* Goal of the exercise: The answer must be an exact copy of the lines from the one with "2025年5月26日,晨光中的山东省日照市阳光海岸绿道景美如画。" to the last line of the entries below, both included, and must contain no pictures.

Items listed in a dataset
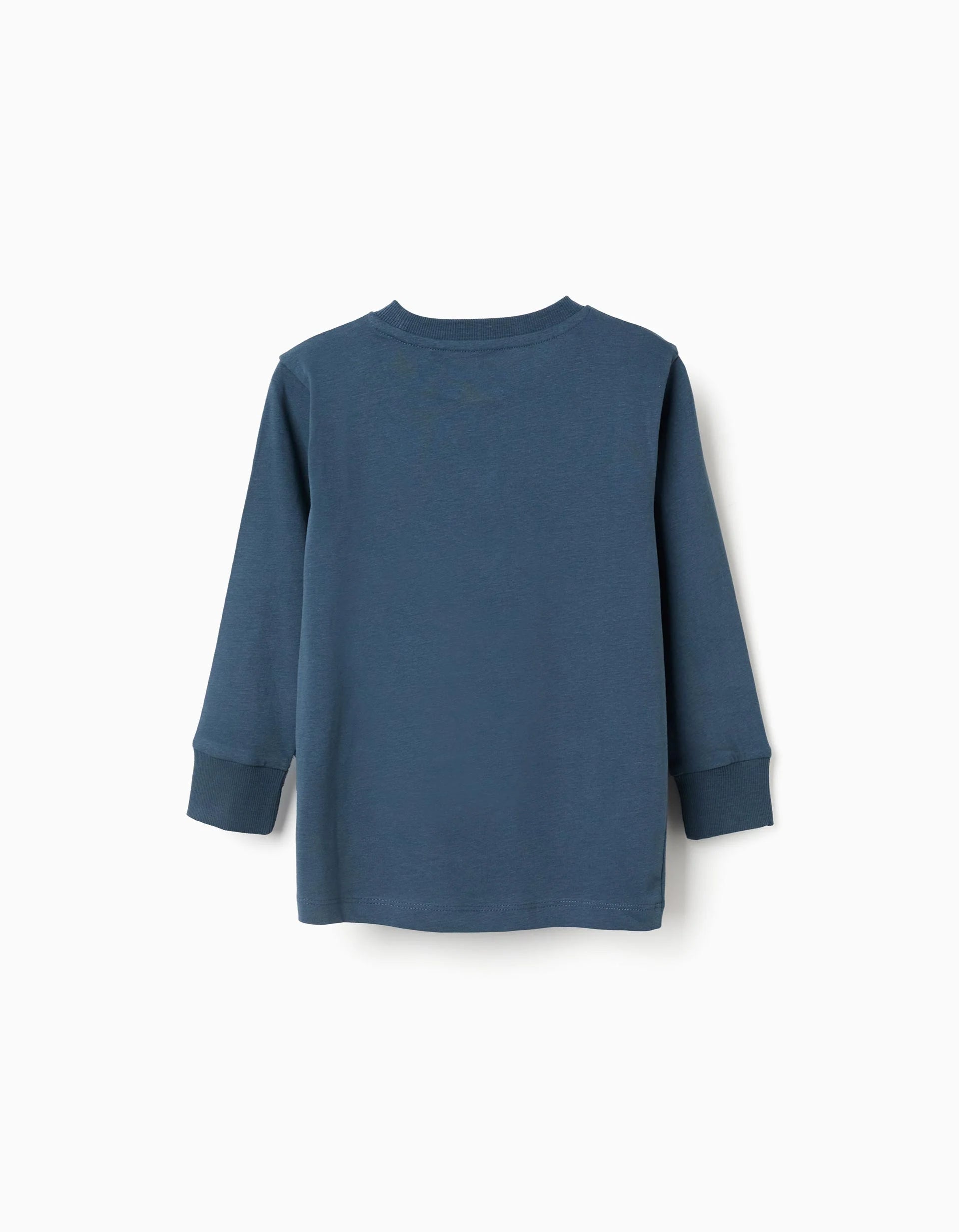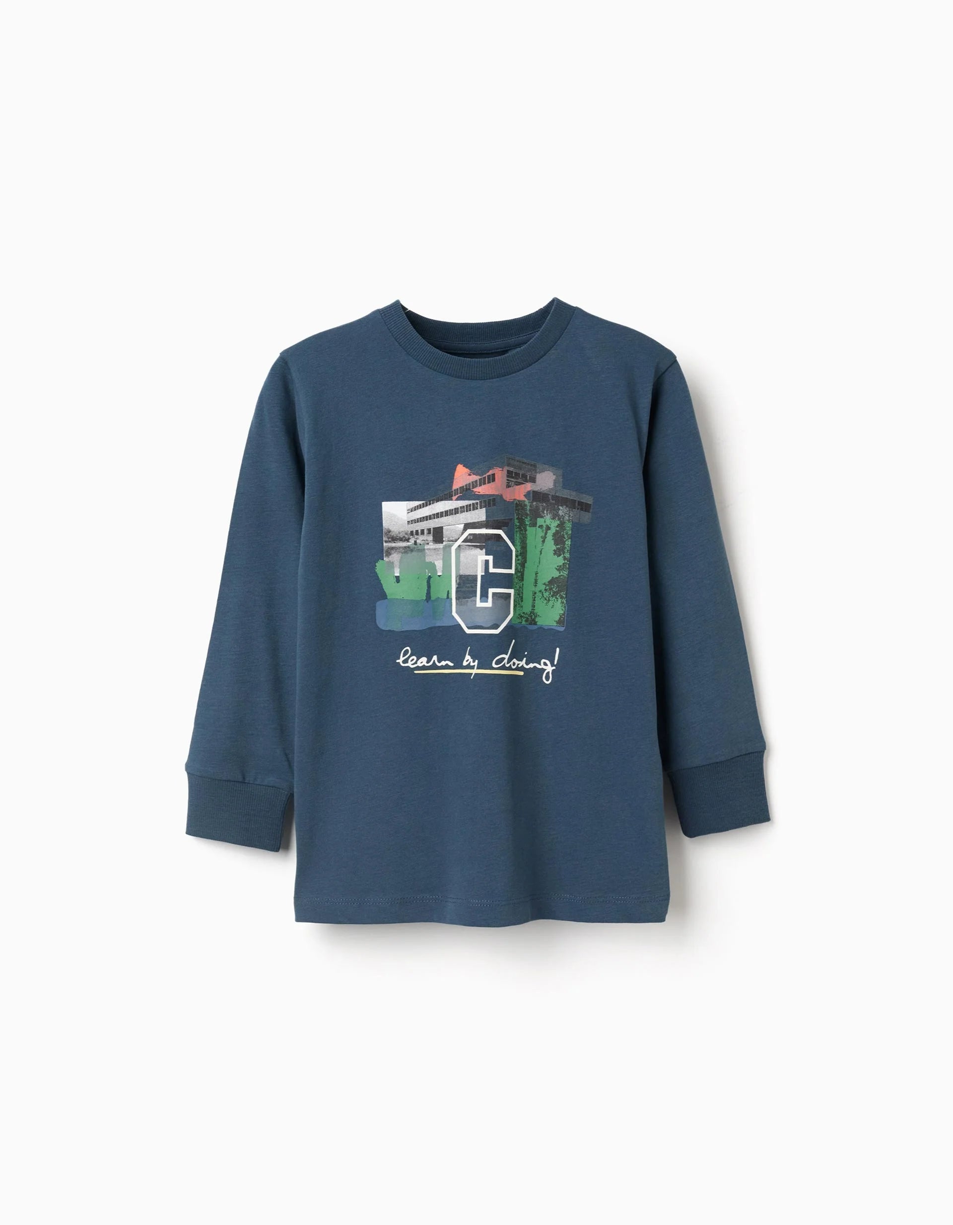 Long sleeve cotton T-shirt with print 'C' for boys, petrol blue
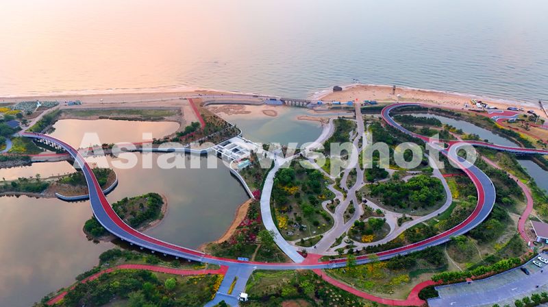2025年5月26日,晨光中的山东省日照市阳光海岸绿道景美如画。
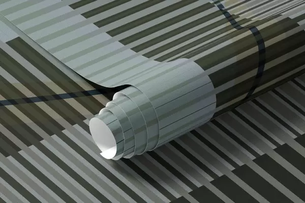 Het resultaat is dat je je behangpapier al in rollen gesneden ontvangt, netjes verpakt voor levering.
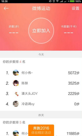 6、微博运动还有“活动任务”版块,通过“活动任务”,用户可参与明星和团体发起的健身活动。
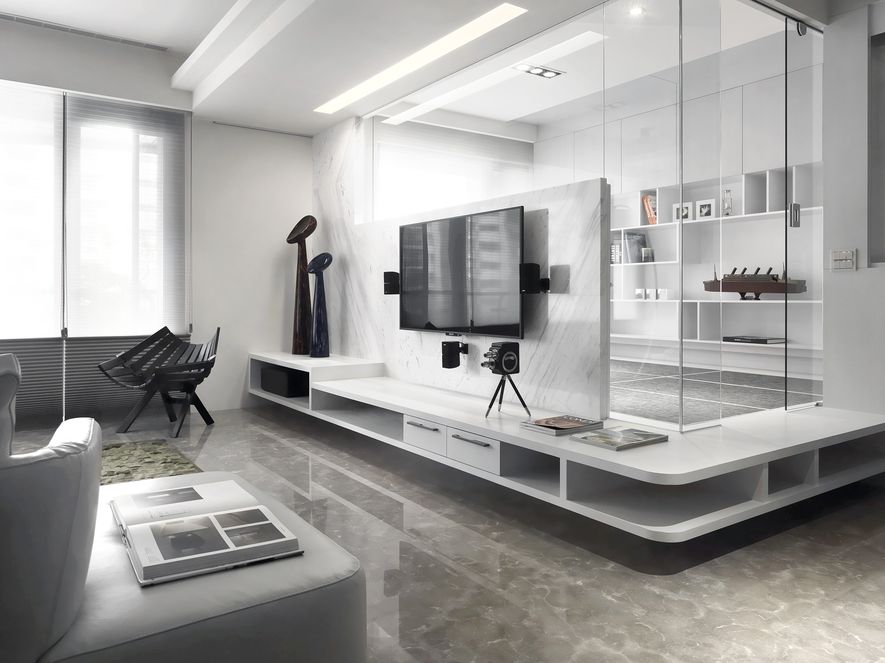 降低的銀狐石電視主牆搭配純淨的玻璃
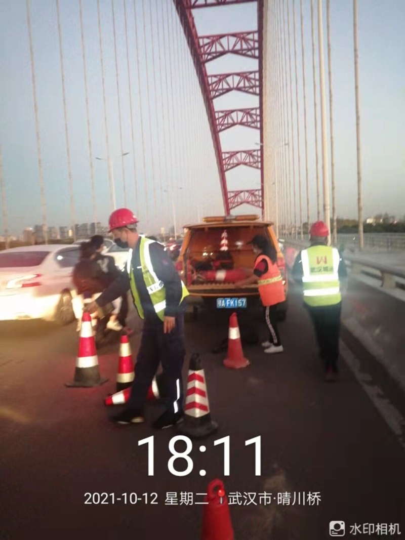 汉江一所管护队员在接到通知后,及时赶赴漏撒现场。17:35分保洁单位和管护队员到达现场后发现漏撒物的确是玻璃渣,漏撒距离约百余米,并且占据了整个车道。此时晴川桥上车流量越来越大,车速也较快,两位当班管护队员分工协作,一名队员在桥面指挥车辆绕道行驶,一名队员驾驶巡查车辆将反光锥等安全设施运至事发地,在漏撒区域快速摆放好反光锥协助保洁人员及时进行清扫工作。18:19桥面漏洒物清扫完毕,晴川桥车辆恢复正常通行。
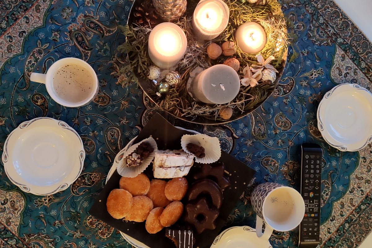 Was kommt nach dem Mittagsschlaf? Na klar, ein Kaffee! Kekse, Lebkuchen, Stollen – alles da und bei einer Folge Big Bang Theory wurde gemütlich geknabbert. Danach ging es weiter mit dem Weihnachtsprojekt. Nach dem Papierkrieg wurde zugeschnitten.
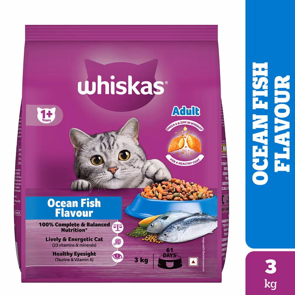 Cereals (Corn, Rice, and Wheat), Poultry and Poultry By-product, Oils, Soybean Meal, Fish Hydrolysed, Minerals, Corn Gluten Meal, Iodised Salt, Vitamins, Amino Acids, Colouring Agents, Preservatives, Flavours
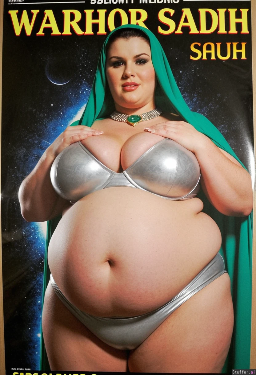Warrior saudi preggo bbw fantasy epic METAL poster wearing tight cloth, shining, vintage huge belly, massive cleavage
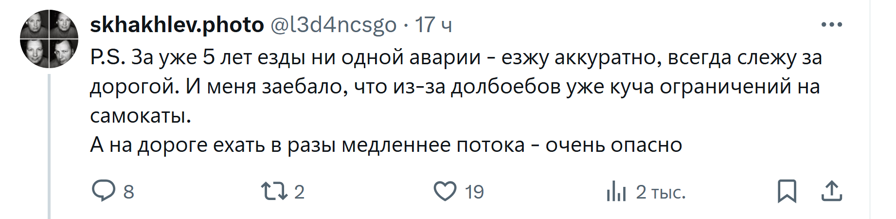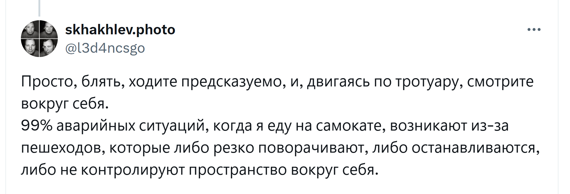 5 snarky2000 Ответ user9182828 в «Второй пошел!»27 6 месяцев назад вы не понимаете - у них таки пешеходы сами виноваты. аккуратней надо. Электросамокат Ответ на пост Волна постов Мат Ещё 0
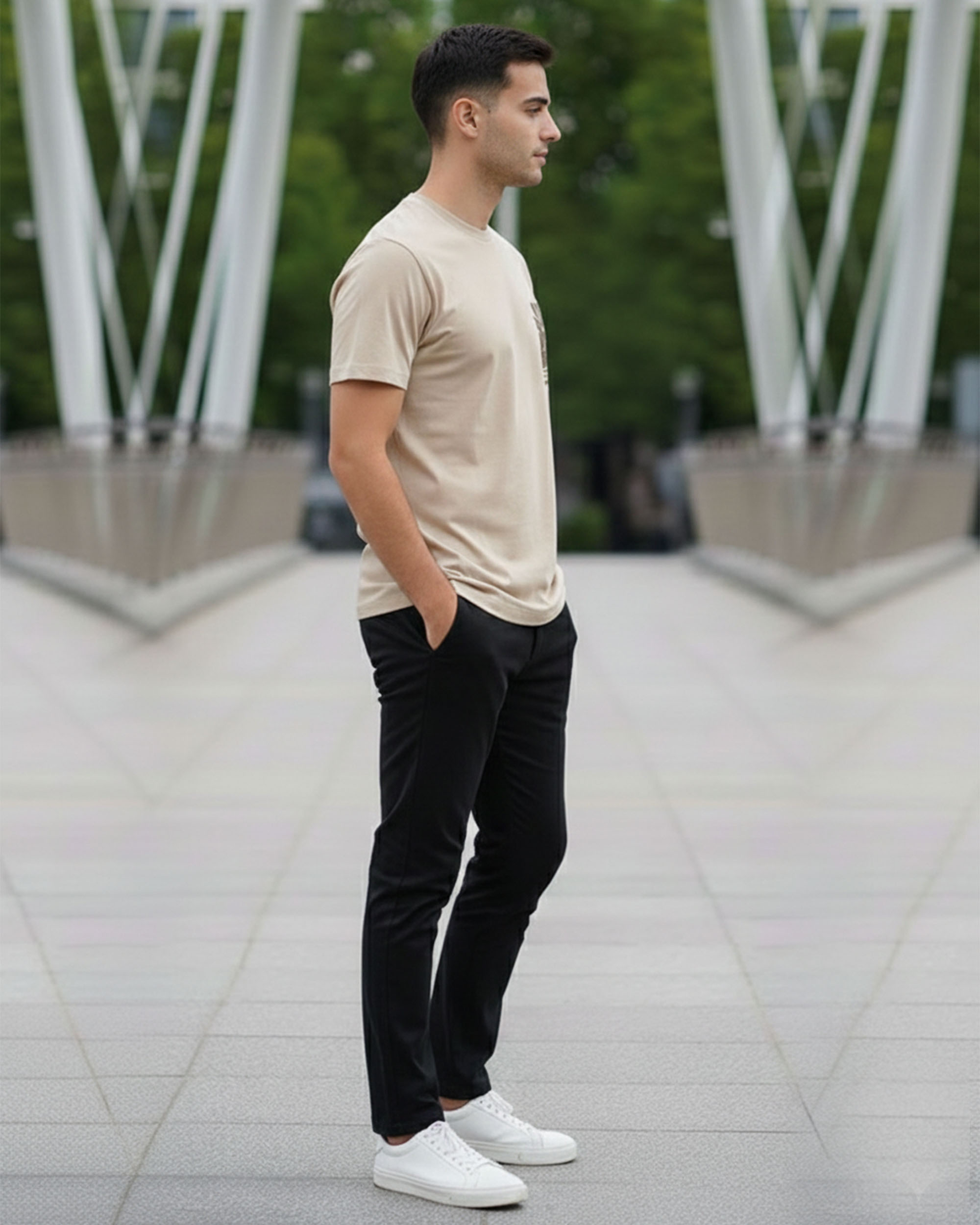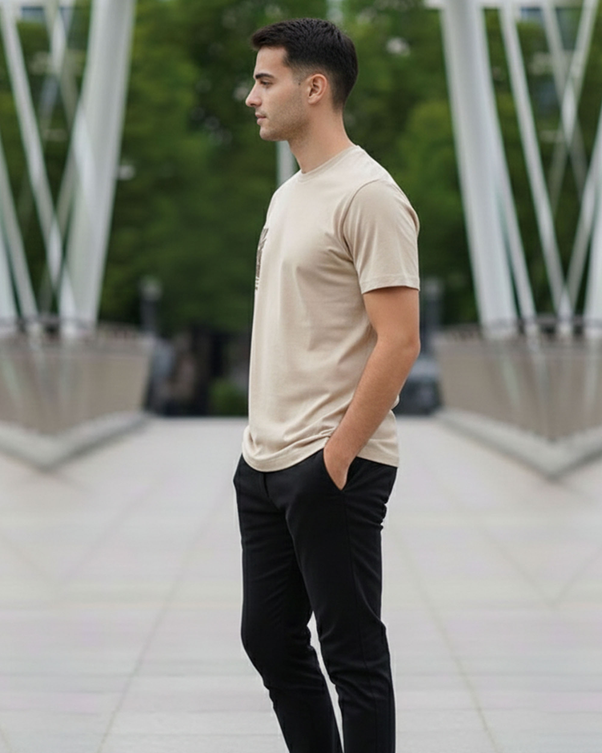 Upgrade your casual wardrobe with this stylish Beige Printed Round Neck T-Shirt for Men. Designed with premium pure cotton, it offers all-day comfort and a soft feel on the skin. The T-shirt features a minimal botanical graphic print on the front, giving it a trendy yet classy look.
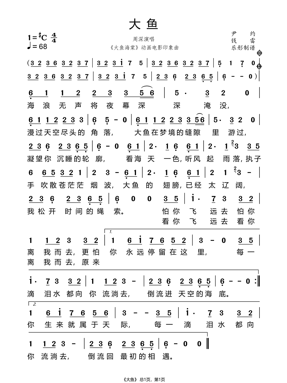 周深《大鱼》简谱详解,轻松上手!
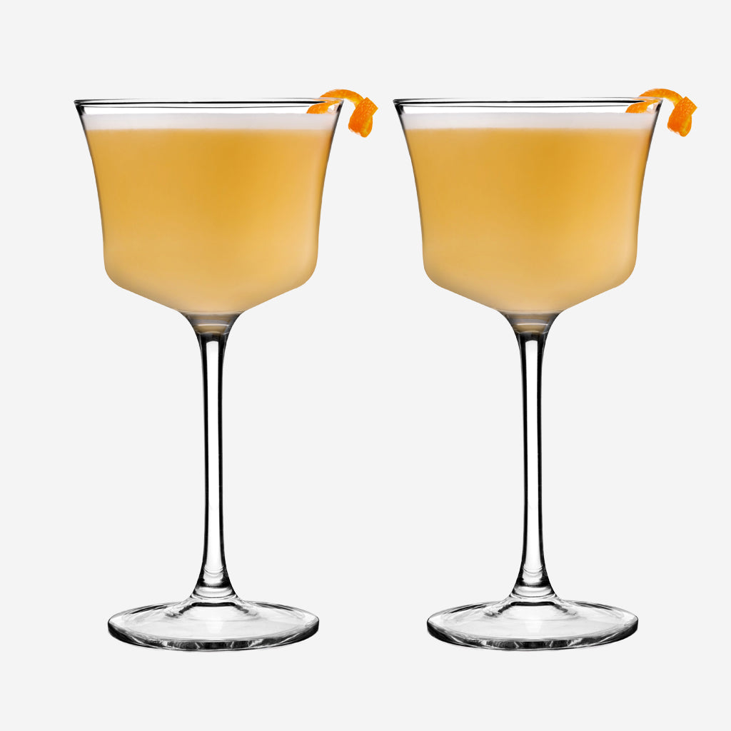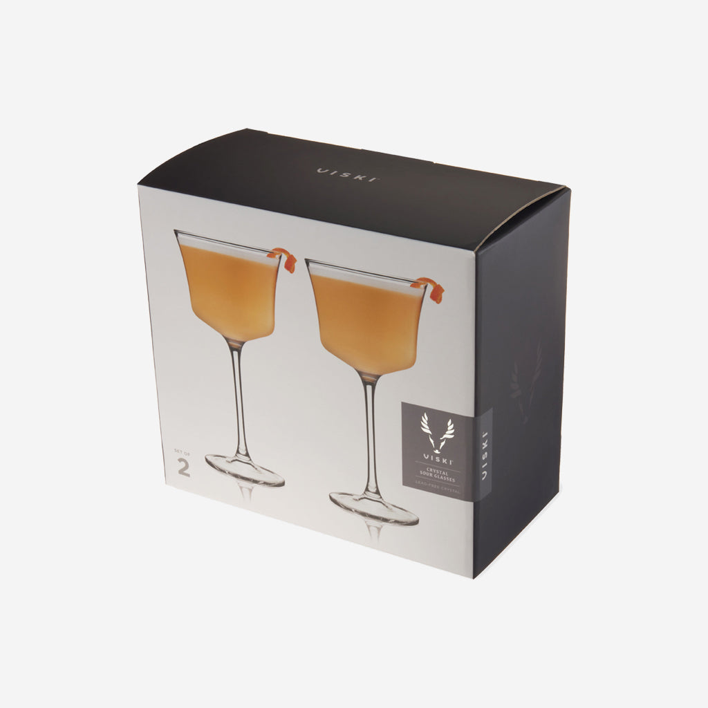 Perfect for small drinks with a lot of flavor, these sour glasses are an angled cousin of the coupe glass. The stemmed design and sparkling crystal make it an elegant way to enjoy a Whiskey Sour, Amaretto Sour, or any cocktail served up.

* Answer space:
2025年5月26日,晨光中的山东省日照市阳光海岸绿道景美如画。
 Het resultaat is dat je je behangpapier al in rollen gesneden ontvangt, netjes verpakt voor levering.
 6、微博运动还有“活动任务”版块,通过“活动任务”,用户可参与明星和团体发起的健身活动。
 降低的銀狐石電視主牆搭配純淨的玻璃
 汉江一所管护队员在接到通知后,及时赶赴漏撒现场。17:35分保洁单位和管护队员到达现场后发现漏撒物的确是玻璃渣,漏撒距离约百余米,并且占据了整个车道。此时晴川桥上车流量越来越大,车速也较快,两位当班管护队员分工协作,一名队员在桥面指挥车辆绕道行驶,一名队员驾驶巡查车辆将反光锥等安全设施运至事发地,在漏撒区域快速摆放好反光锥协助保洁人员及时进行清扫工作。18:19桥面漏洒物清扫完毕,晴川桥车辆恢复正常通行。
 Was kommt nach dem Mittagsschlaf? Na klar, ein Kaffee! Kekse, Lebkuchen, Stollen – alles da und bei einer Folge Big Bang Theory wurde gemütlich geknabbert. Danach ging es weiter mit dem Weihnachtsprojekt. Nach dem Papierkrieg wurde zugeschnitten.
 Cereals (Corn, Rice, and Wheat), Poultry and Poultry By-product, Oils, Soybean Meal, Fish Hydrolysed, Minerals, Corn Gluten Meal, Iodised Salt, Vitamins, Amino Acids, Colouring Agents, Preservatives, Flavours
Warrior saudi preggo bbw fantasy epic METAL poster wearing tight cloth, shining, vintage huge belly, massive cleavage
 5 snarky2000 Ответ user9182828 в «Второй пошел!»27 6 месяцев назад вы не понимаете - у них таки пешеходы сами виноваты. аккуратней надо. Электросамокат Ответ на пост Волна постов Мат Ещё 0
 Upgrade your casual wardrobe with this stylish Beige Printed Round Neck T-Shirt for Men. Designed with premium pure cotton, it offers all-day comfort and a soft feel on the skin. The T-shirt features a minimal botanical graphic print on the front, giving it a trendy yet classy look.
 周深《大鱼》简谱详解,轻松上手!
 Perfect for small drinks with a lot of flavor, these sour glasses are an angled cousin of the coupe glass. The stemmed design and sparkling crystal make it an elegant way to enjoy a Whiskey Sour, Amaretto Sour, or any cocktail served up.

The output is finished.